### DATA SECTION
########################################

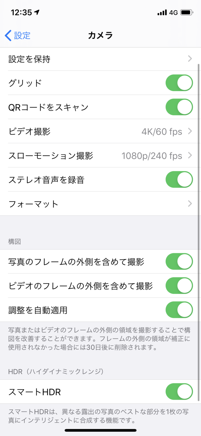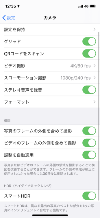 iPhone 11 Proの場合は、iPhoneの「設定」→「カメラ」→「グリッド」と辿ってオンにしましょう。
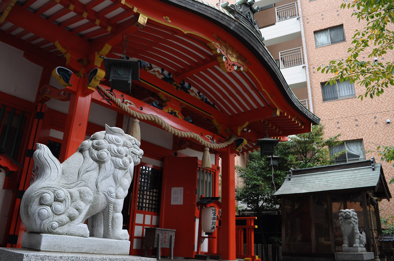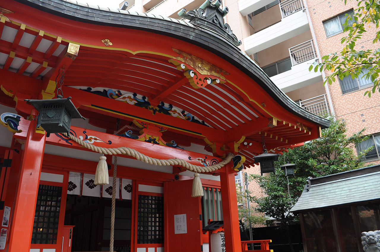 高いビルの隙間に挟まれてどんな神社かと思ったけど、すごく落ち着いた雰囲気の素敵な神社でした。芸事の神様だけあって、いただいた御朱印もイラスト入りで素敵やったなぁ。
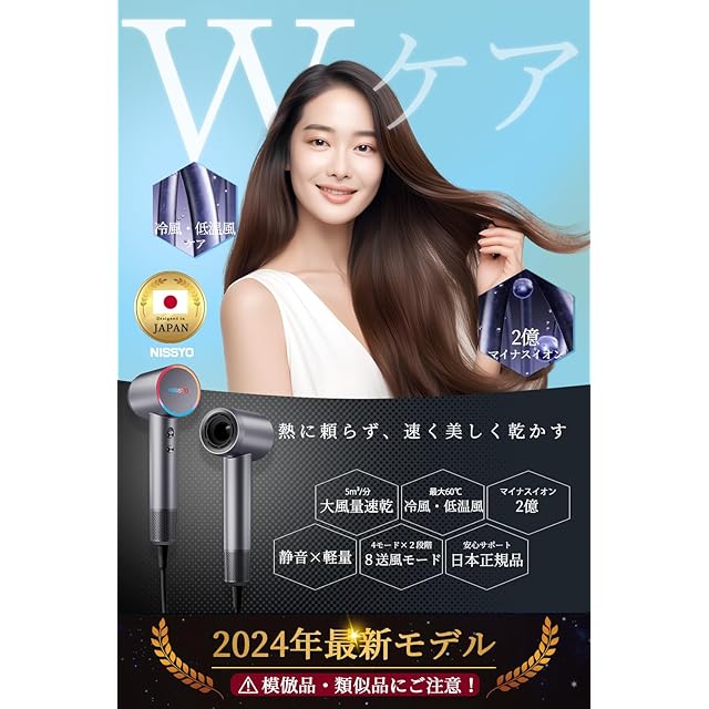 最新のNISSYO高速ドライヤーは、パワフルなACモーターが内蔵され、他社のドライヤーの3倍の空気を吸い込み、高圧で高速な風を生み出すことで、髪を根元から素早く乾かすことができます。20℃の冷風から60℃の熱風まで4つの風温と2つの風速モードを備え、あらゆるニーズに合わせて使い分けられる大風量ヘアドライヤーです。さらに、2億もの高濃度マイナスイオンを放出し、髪に届けて表面をコーティングし、静電気を抑制。髪の水分を保護し、マイナスイオンの力でキューティクルのダメージを修復します。 また、AI温度コントロールとNTCサーモスタットの採用により、毎秒110回の温度測定とコントロールが行われ、髪表面の水分を素早く取り去りながらも、過度な熱によるダメージを防ぎます。デリケートな頭皮でも安心してご利用いただけ、低騒音かつ超軽量なDCモーター設計で長時間の使用でも疲れにくく、美容師にも好評です。コンパクトなサイズで場所を取らず、高級感のあるギフト包装も備え、母の日や誕生日などのプレゼントに最適。さらに、国内正規品で一年間のメーカーが付いています。万が一商品に不具合があれば、規約に従い返金や交換などの対応をさせていただきます。商品に関するご質問やご不明点がございましたら、お気軽にお問い合わせください。この優れた機能と信頼性で、NISSYO高速ドライヤーは理想的なヘアケア製品となっており、ぜひお客様にご検討いただきたい逸品です。

########################################

### WHAT IS REQUIRED
Exclude every picture and copy the remaining data exactly.

### ANSWER BOX
 iPhone 11 Proの場合は、iPhoneの「設定」→「カメラ」→「グリッド」と辿ってオンにしましょう。
 高いビルの隙間に挟まれてどんな神社かと思ったけど、すごく落ち着いた雰囲気の素敵な神社でした。芸事の神様だけあって、いただいた御朱印もイラスト入りで素敵やったなぁ。
 最新のNISSYO高速ドライヤーは、パワフルなACモーターが内蔵され、他社のドライヤーの3倍の空気を吸い込み、高圧で高速な風を生み出すことで、髪を根元から素早く乾かすことができます。20℃の冷風から60℃の熱風まで4つの風温と2つの風速モードを備え、あらゆるニーズに合わせて使い分けられる大風量ヘアドライヤーです。さらに、2億もの高濃度マイナスイオンを放出し、髪に届けて表面をコーティングし、静電気を抑制。髪の水分を保護し、マイナスイオンの力でキューティクルのダメージを修復します。 また、AI温度コントロールとNTCサーモスタットの採用により、毎秒110回の温度測定とコントロールが行われ、髪表面の水分を素早く取り去りながらも、過度な熱によるダメージを防ぎます。デリケートな頭皮でも安心してご利用いただけ、低騒音かつ超軽量なDCモーター設計で長時間の使用でも疲れにくく、美容師にも好評です。コンパクトなサイズで場所を取らず、高級感のあるギフト包装も備え、母の日や誕生日などのプレゼントに最適。さらに、国内正規品で一年間のメーカーが付いています。万が一商品に不具合があれば、規約に従い返金や交換などの対応をさせていただきます。商品に関するご質問やご不明点がございましたら、お気軽にお問い合わせください。この優れた機能と信頼性で、NISSYO高速ドライヤーは理想的なヘアケア製品となっており、ぜひお客様にご検討いただきたい逸品です。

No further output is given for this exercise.